Teamspaces enable you to organize your entire product organization in one workspace. With teamspaces, each team has its own space to manage boards and data. Everyone has easy access to all the information relevant to their work.
In this article:
- Why should you use teamspaces?
- Best practices to set up and use teamspaces
- How Productboard uses teamspaces
- Additional tips to help you manage your teamspace
- See also
Why should you use teamspaces?
Your Productboard workspace doesn't have to be one size fits all. With teamspaces, each department and team has the flexibility to choose how they view information and set up unique workflows. Individuals may belong to many teamspaces based on their department, role, or product in the company. With teamspaces, your organization can unlock the following benefits:
- Unite cross-functional product teams: Create teamspaces for your product teams to focus on their day-to-day work by collaborating on shared roadmaps, cycle planning boards, and more.
- Join forces with other departments: At Productboard, we have teamspaces for Product and Engineering as well as our go-to-market teams, such as Customer Success, Marketing, and Sales. Create GTM checklists so everyone can stay aligned on launches.
- Enhance project collaboration: Create a teamspace to organize the boards and tasks for any project or initiative, even if it's short-term. When the work is done, you can archive the teamspace. All its contents can be recovered later if needed.
Best practices to set up and use teamspaces
To get the most out of teamspaces, follow these five steps to get started:
- Remove folders if you don't need an extra level of hierarchy.
- Use the Organization space as your company-wide hub. All users are automatically added to it.
- Keep strategy documents, roadmaps, and organization-wide boards in the Organization space.
- Create a folder for archived boards and move any boards that are no longer used to this folder.
- If you need to group boards for a specific audience, create additional teamspaces.
Note: If you're on an Enterprise plan, your workspace admins can change a teamspace's type after creation, which means you can start with an Open teamspace and convert it to Closed or Private later if the team's needs change.
How Productboard uses teamspaces
Organization
At Productboard, our Organization space gives everyone a high-level view of the product and answers the following questions:
- Who owns which part of the product (domain ownership)?
- When are we expecting to ship new features?
- What can we share with our customers?
- What objectives are we working towards and what initiatives are we pursuing?
- Are we hitting our OKRs?
Note: All users are added to the Organization space by default.
Product teamspaces
At Productboard, our product teamspaces are used by cross-functional teams of designers, product managers, and anyone else directly involved in the product development work. The content and structure might differ, but they usually include:
- Holistic view of all the backlog.
- Team-specific roadmap with a more granular view.

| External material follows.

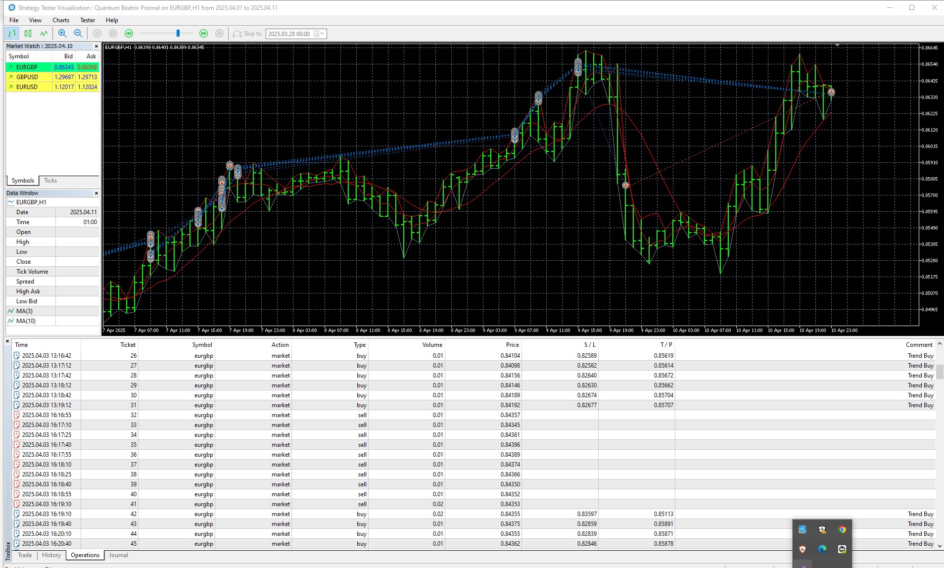 on EURGBP on trend follow strategy it has many strategies lets take one by one

- Discovery folder with an overview of past and existing discoveries.
- Opportunity backlog regularly assessed for new candidates.
- Boards to help the PM and engineers with cycle (sprint) planning.
- Boards to plan releases together with PMMs.
Leadership teamspace
At Productboard, our leadership teamspace provides a high-level overview for the product leadership and the executive team. The leadership team uses it to:
- Track our yearly and quarterly OKRs.
- Report and review health for each product, domain, and initiative.
Functional teams teamspace
At Productboard, our functional teams teamspaces allow individual teams to customize their dedicated teamspace for their own roles and responsibilities. For example, our research team uses a dedicated teamspace to:
- Track the status of various product discoveries.
- Gather information from previous research.
- Curate templates for other teams.
Additional tips to help you manage your teamspace
- Delete any old or irrelevant boards. If you're not sure about the purpose of a particular board, move it to a folder titled To review and ask the teams to review it.
- Make sure the boards that should be shared widely are shared with all roles.
- Remember to invite your teams into teamspaces.
- Create board shortcuts to the most relevant boards instead of duplicating them in different teamspaces.
- Use board access overrides to customize the access profiles of specific teamspace members and to hide sensitive boards from those who aren't key stakeholders.